Carlos Beltran has always been a darling to saber-slanted baseball nuts like me. He’s a tremendous slugger, has consistently posted above-average OBPs, played great defense in center field at his peak and is one of baseball history’s most efficient base stealers. He belongs in the Hall of Fame, and the overdue but kind treatment he has received from the national media during his career’s second act gives him a chance to make it, yet.
The New York Yankees reportedly have interest in Beltran. On the surface, that makes sense: New York has a real need for offense, and have already demonstrated their aggressiveness in free agency. The trouble, though, is that the Yankees have Alfonso Soriano, Ichiro Suzuki and Vernon Wells under contract for 2014. Beltran doesn’t fit on a roster that already includes that trio.

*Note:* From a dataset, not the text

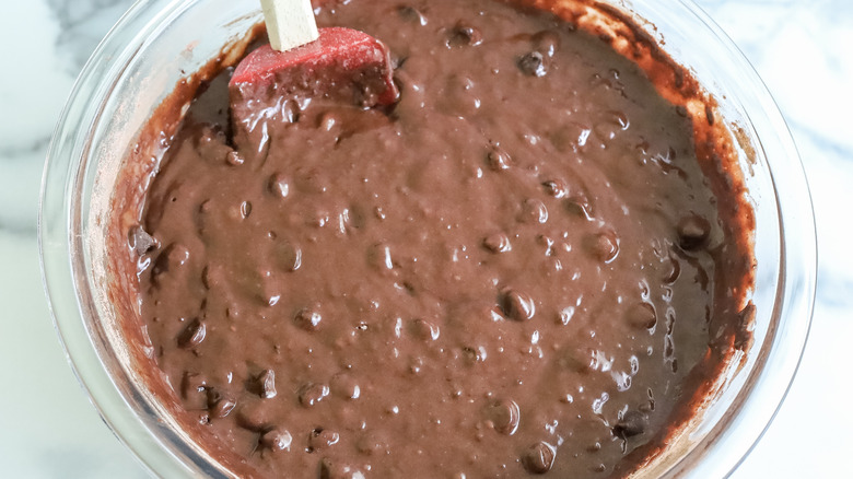 - Add 2 cups of chocolate chips to the batter and mix until combined.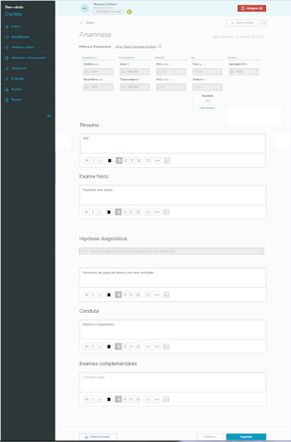 - Ao entrar na anamnese os campos apareceram desbloqueados, sendo possível incluir os dados, executar a ação de voltar, usar modelo, excluir rascunho, salvar um modelo, finalizar a anamnese ou finalizar e imprimir a anamnese.

Don’t get me wrong: Beltran is better than any of those players. The Yankees also ensured that they wouldn’t be overly committed to Wells or Soriano, by getting the majority of each player’s salary covered by the teams from whom they acquired them. The trouble is that those players are all old, and so is Beltran. Those players are all (now) poor defensive outfielders, and so is Beltran. They’re all impatient hitters, and so (now) is Beltran.

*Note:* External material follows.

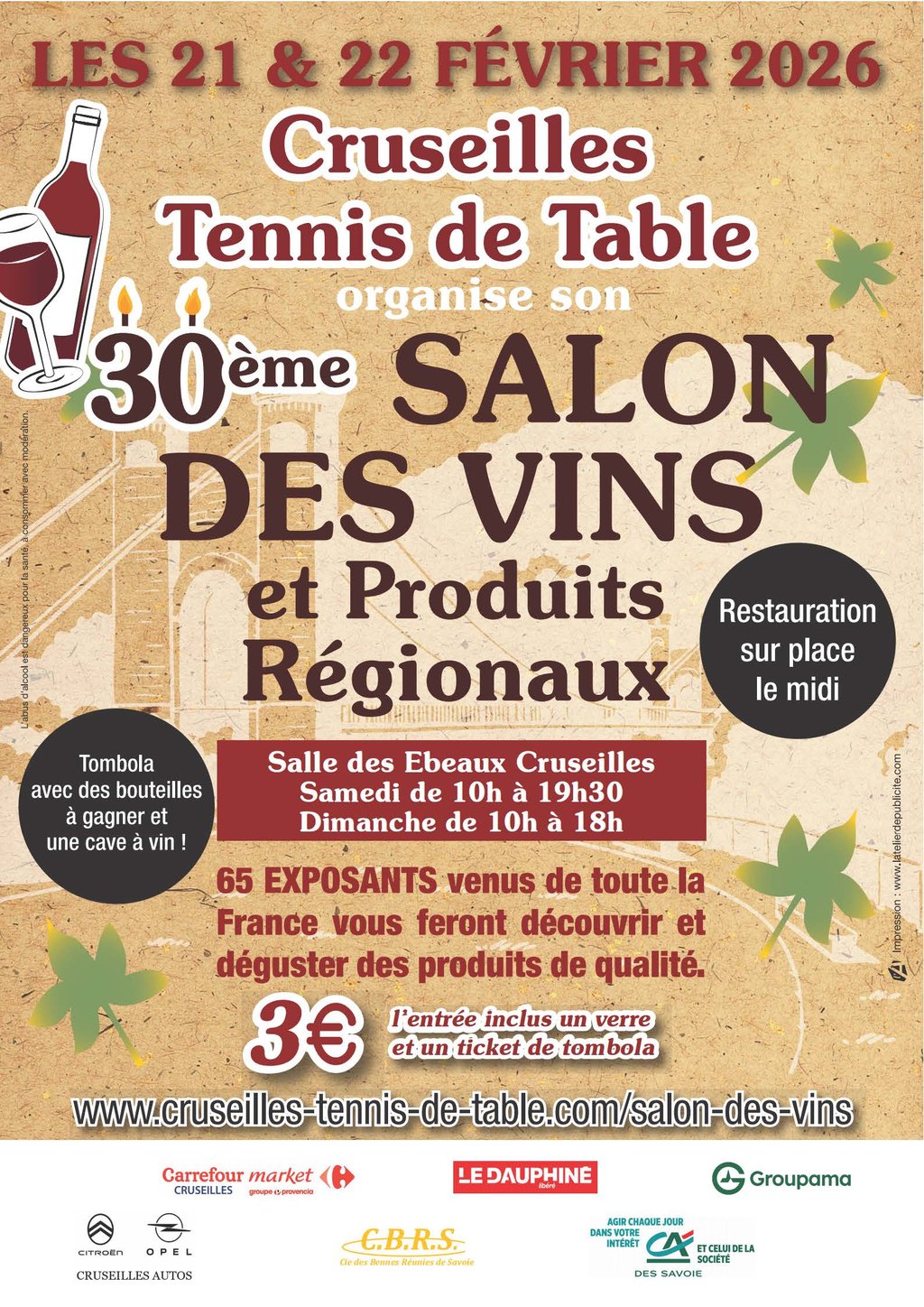 Salon des Vins organisé par l'association Cruseilles Tennis de Table au gymnase des Ebeaux

You don’t want three guys like this on one team. Four would be untenable. The Yankees need to get younger, and if not younger, than markedly, not marginally, better. Beltran doesn’t do either. He only walked 38 times in 600 plate appearances in 2013. He’s stolen just 22 bases, and been caught 10 times, in the last four seasons. He’s purely a corner outfielder at this point, and not an especially good one.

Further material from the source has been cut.